• YOUR TASK:
Write out all the entries word for word, but skip any images.

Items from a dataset

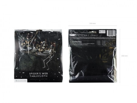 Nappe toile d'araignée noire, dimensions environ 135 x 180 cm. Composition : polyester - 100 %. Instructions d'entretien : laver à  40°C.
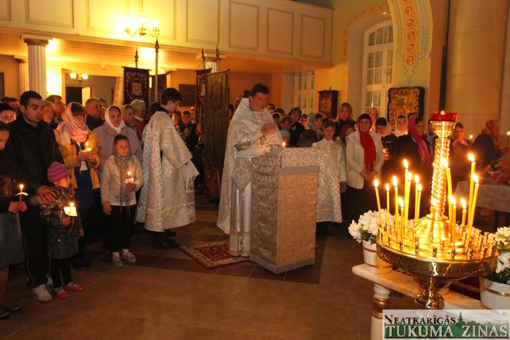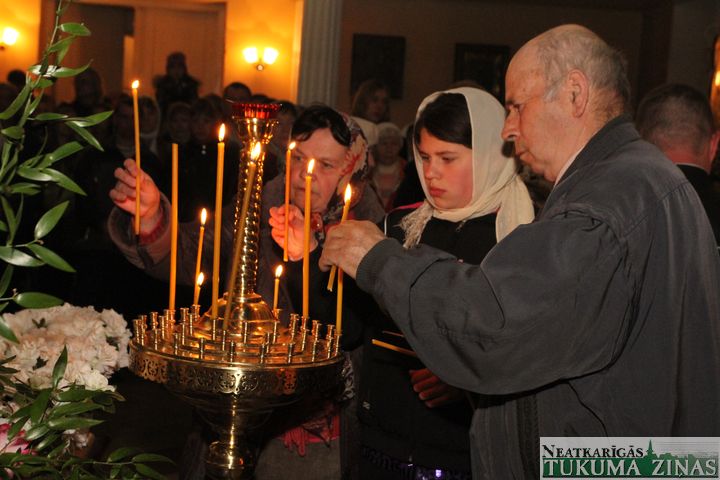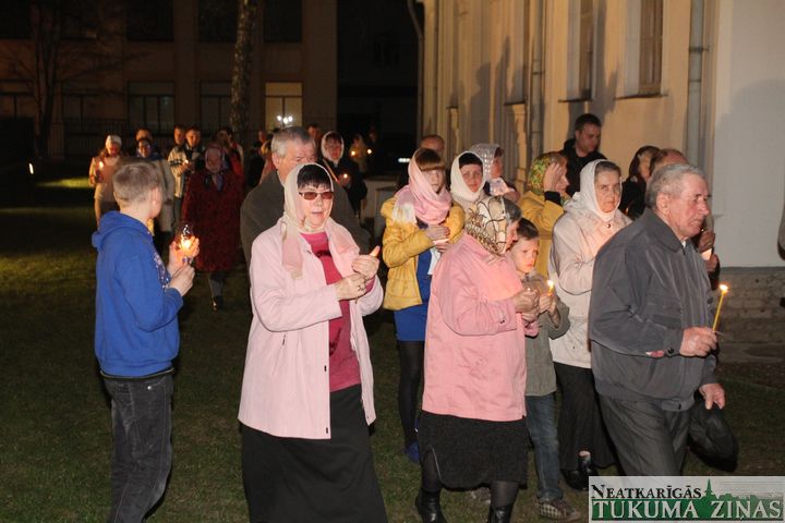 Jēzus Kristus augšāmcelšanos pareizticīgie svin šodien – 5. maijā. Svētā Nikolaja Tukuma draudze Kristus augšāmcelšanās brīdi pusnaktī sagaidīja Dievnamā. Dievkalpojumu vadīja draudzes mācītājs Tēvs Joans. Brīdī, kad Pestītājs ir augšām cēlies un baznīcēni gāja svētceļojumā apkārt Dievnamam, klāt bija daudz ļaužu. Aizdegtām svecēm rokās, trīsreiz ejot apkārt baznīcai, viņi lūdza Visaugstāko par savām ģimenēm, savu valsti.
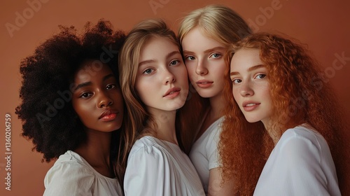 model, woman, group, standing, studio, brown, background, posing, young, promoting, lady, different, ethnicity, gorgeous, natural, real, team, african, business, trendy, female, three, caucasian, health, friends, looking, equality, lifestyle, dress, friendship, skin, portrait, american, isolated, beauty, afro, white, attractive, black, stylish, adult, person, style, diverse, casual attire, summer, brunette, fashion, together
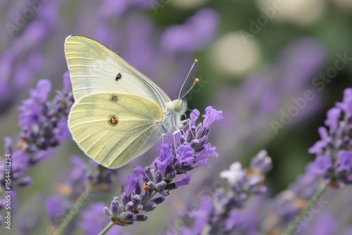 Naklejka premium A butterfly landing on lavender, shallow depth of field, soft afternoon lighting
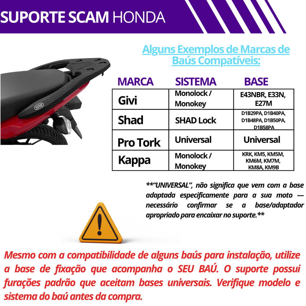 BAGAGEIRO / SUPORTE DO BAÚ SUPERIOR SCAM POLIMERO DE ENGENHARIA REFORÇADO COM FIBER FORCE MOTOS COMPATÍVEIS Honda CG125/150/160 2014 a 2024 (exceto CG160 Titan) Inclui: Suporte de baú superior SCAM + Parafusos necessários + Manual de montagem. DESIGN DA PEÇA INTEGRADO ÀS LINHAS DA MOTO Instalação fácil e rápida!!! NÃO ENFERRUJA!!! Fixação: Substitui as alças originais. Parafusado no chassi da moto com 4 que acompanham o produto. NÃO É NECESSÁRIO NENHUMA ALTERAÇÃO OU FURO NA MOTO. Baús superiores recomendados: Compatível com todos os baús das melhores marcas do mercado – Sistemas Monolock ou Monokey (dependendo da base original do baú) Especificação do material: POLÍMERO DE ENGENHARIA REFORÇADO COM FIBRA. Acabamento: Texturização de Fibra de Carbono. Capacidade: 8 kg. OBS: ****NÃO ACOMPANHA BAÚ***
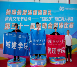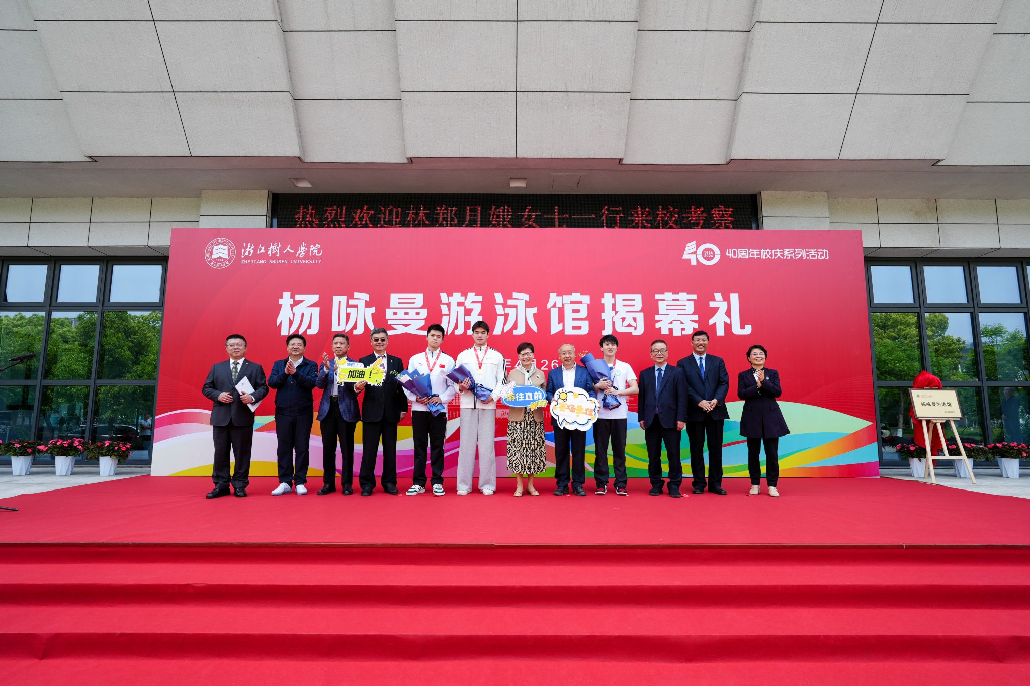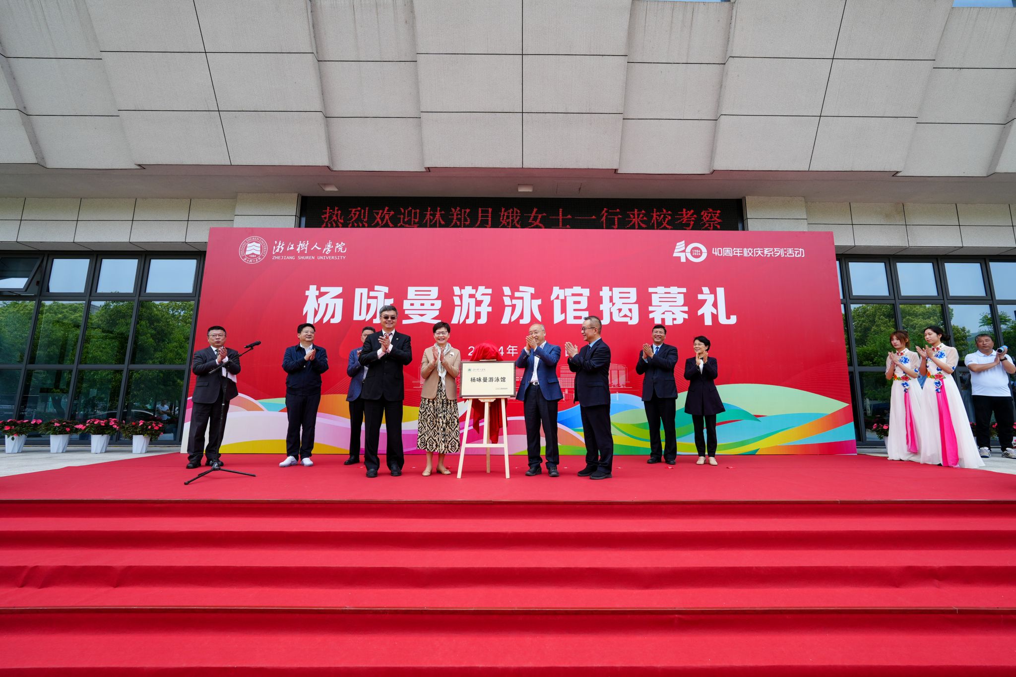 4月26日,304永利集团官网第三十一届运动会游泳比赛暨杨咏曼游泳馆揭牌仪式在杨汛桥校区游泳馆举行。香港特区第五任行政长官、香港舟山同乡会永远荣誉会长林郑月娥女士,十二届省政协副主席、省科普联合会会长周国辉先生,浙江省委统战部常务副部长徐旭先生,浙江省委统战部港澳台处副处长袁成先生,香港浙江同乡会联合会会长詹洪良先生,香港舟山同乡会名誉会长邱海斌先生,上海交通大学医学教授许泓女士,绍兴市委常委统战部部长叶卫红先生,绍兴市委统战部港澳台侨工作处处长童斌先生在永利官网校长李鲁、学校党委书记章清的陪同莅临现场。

• RESULT OF THIS TASK:
 Nappe toile d'araignée noire, dimensions environ 135 x 180 cm. Composition : polyester - 100 %. Instructions d'entretien : laver à  40°C.
 Jēzus Kristus augšāmcelšanos pareizticīgie svin šodien – 5. maijā. Svētā Nikolaja Tukuma draudze Kristus augšāmcelšanās brīdi pusnaktī sagaidīja Dievnamā. Dievkalpojumu vadīja draudzes mācītājs Tēvs Joans. Brīdī, kad Pestītājs ir augšām cēlies un baznīcēni gāja svētceļojumā apkārt Dievnamam, klāt bija daudz ļaužu. Aizdegtām svecēm rokās, trīsreiz ejot apkārt baznīcai, viņi lūdza Visaugstāko par savām ģimenēm, savu valsti.
 model, woman, group, standing, studio, brown, background, posing, young, promoting, lady, different, ethnicity, gorgeous, natural, real, team, african, business, trendy, female, three, caucasian, health, friends, looking, equality, lifestyle, dress, friendship, skin, portrait, american, isolated, beauty, afro, white, attractive, black, stylish, adult, person, style, diverse, casual attire, summer, brunette, fashion, together
 Naklejka premium A butterfly landing on lavender, shallow depth of field, soft afternoon lighting
 BAGAGEIRO / SUPORTE DO BAÚ SUPERIOR SCAM POLIMERO DE ENGENHARIA REFORÇADO COM FIBER FORCE MOTOS COMPATÍVEIS Honda CG125/150/160 2014 a 2024 (exceto CG160 Titan) Inclui: Suporte de baú superior SCAM + Parafusos necessários + Manual de montagem. DESIGN DA PEÇA INTEGRADO ÀS LINHAS DA MOTO Instalação fácil e rápida!!! NÃO ENFERRUJA!!! Fixação: Substitui as alças originais. Parafusado no chassi da moto com 4 que acompanham o produto. NÃO É NECESSÁRIO NENHUMA ALTERAÇÃO OU FURO NA MOTO. Baús superiores recomendados: Compatível com todos os baús das melhores marcas do mercado – Sistemas Monolock ou Monokey (dependendo da base original do baú) Especificação do material: POLÍMERO DE ENGENHARIA REFORÇADO COM FIBRA. Acabamento: Texturização de Fibra de Carbono. Capacidade: 8 kg. OBS: ****NÃO ACOMPANHA BAÚ***
 4月26日,304永利集团官网第三十一届运动会游泳比赛暨杨咏曼游泳馆揭牌仪式在杨汛桥校区游泳馆举行。香港特区第五任行政长官、香港舟山同乡会永远荣誉会长林郑月娥女士,十二届省政协副主席、省科普联合会会长周国辉先生,浙江省委统战部常务副部长徐旭先生,浙江省委统战部港澳台处副处长袁成先生,香港浙江同乡会联合会会长詹洪良先生,香港舟山同乡会名誉会长邱海斌先生,上海交通大学医学教授许泓女士,绍兴市委常委统战部部长叶卫红先生,绍兴市委统战部港澳台侨工作处处长童斌先生在永利官网校长李鲁、学校党委书记章清的陪同莅临现场。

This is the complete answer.